That Get_String function binds an rvalue reference to a function-local object. Rvalue references are useful for things that are about to be destroyed, but just as bad as lvalue references for things that have already been destroyed.

To move a local object out of a function, you just return by class type:

std::string Get_String(void) {
    std::string str{"hello world"};
    return str;
}

If the compiler doesn't manage to eliminate the copy/move entirely, then the return value that the caller gets will be constructed using a move constructor, not a copy constructor, as long as the return expression is:

• a temporary, or
• a single identifier naming something with automatic storage duration (like str above), or
• std::move(something)

(So you could still have return std::move(str); to be explicit, but it's not necessary here.)

Given this example,

X foo ()
{
  X x;    
  return x;
}

the following behavior is guaranteed:

• If X has an accessible copy or move constructor, the compiler may choose to elide the copy. This is the so-called (named) return value optimization ((N)RVO), which was specified even before C++11 and is supported by most compilers.
• Otherwise, if X has a move constructor, x is moved.
• Otherwise, if X has a copy constructor, x is copied.
• Otherwise, a compile-time error is emitted.

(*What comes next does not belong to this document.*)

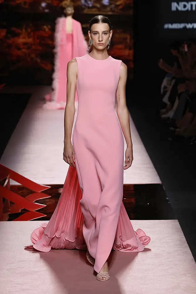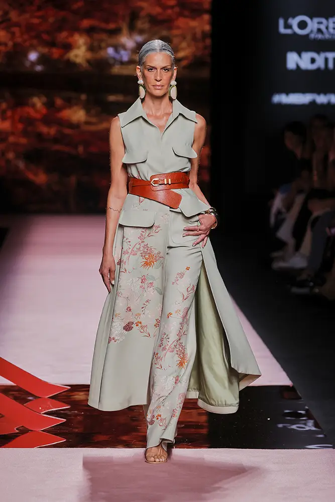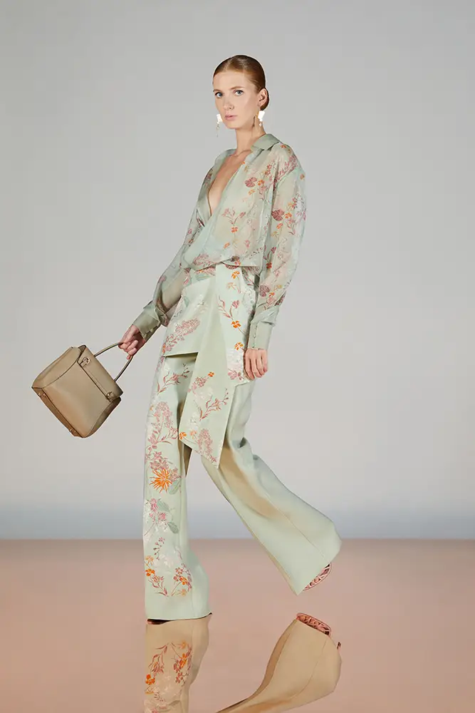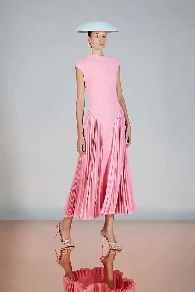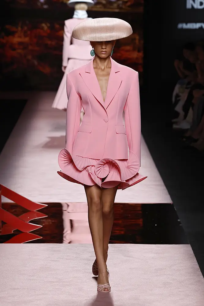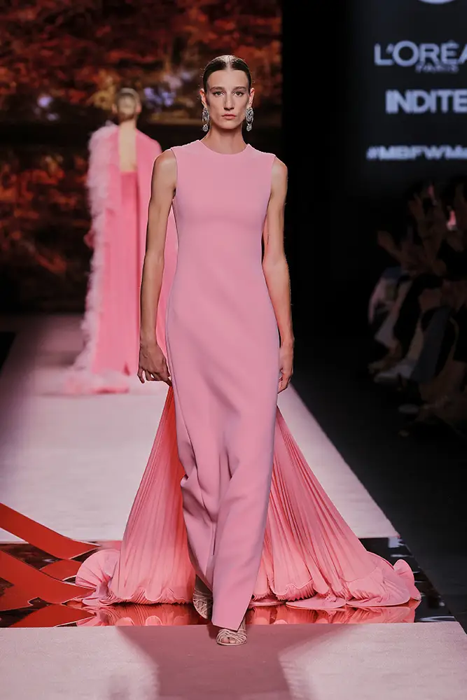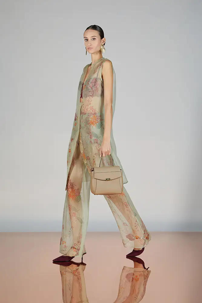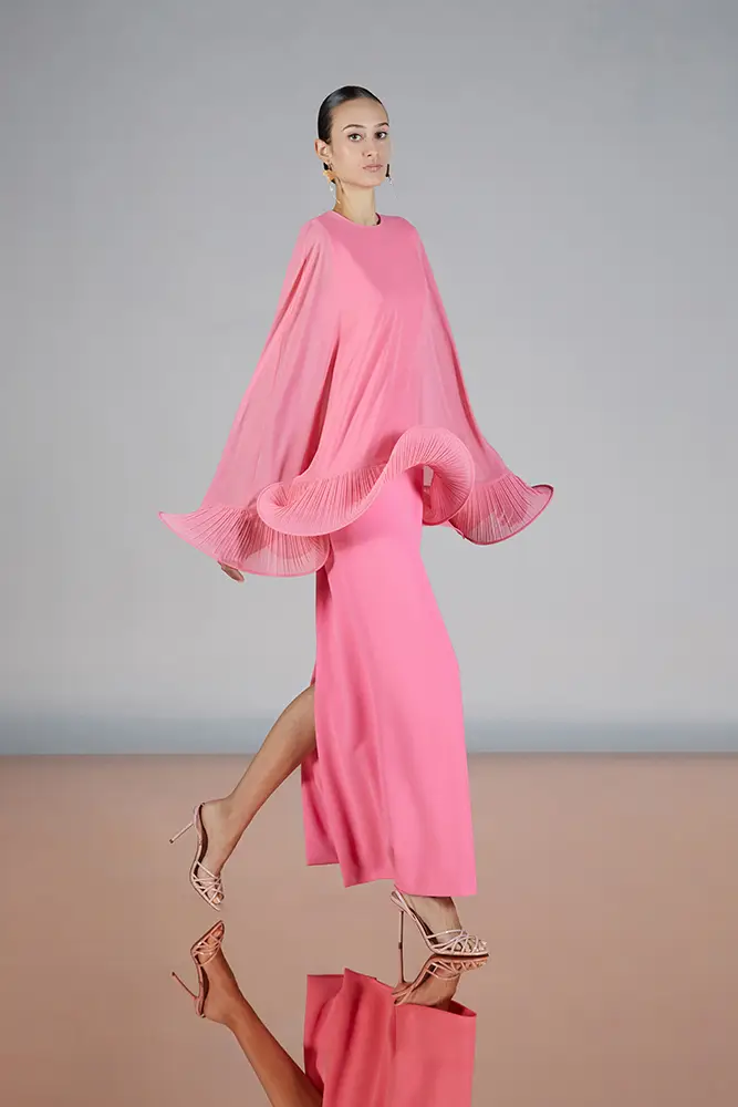 Trajes amplios en tonos blancos, rosas y tierra evolucionan hacia una sastrería relajada con proporciones fluidas y hombros estructurados, ideales para eventos diurnos o estilismos urbanos con un toque couture.

Note also that returning an rvalue reference is an error if the returned object is a local nonstatic object:

X&& foo ()
{
  X x;
  return x; // ERROR: returns reference to nonexistent object
}

An rvalue reference is a reference, and returning it while referring to a local object means that you return a reference to an object that doesn’t exist any more. Whether std::move() is used doesn’t matter.

std::move() doesn't really move object; it only turns lvalues into rvalues.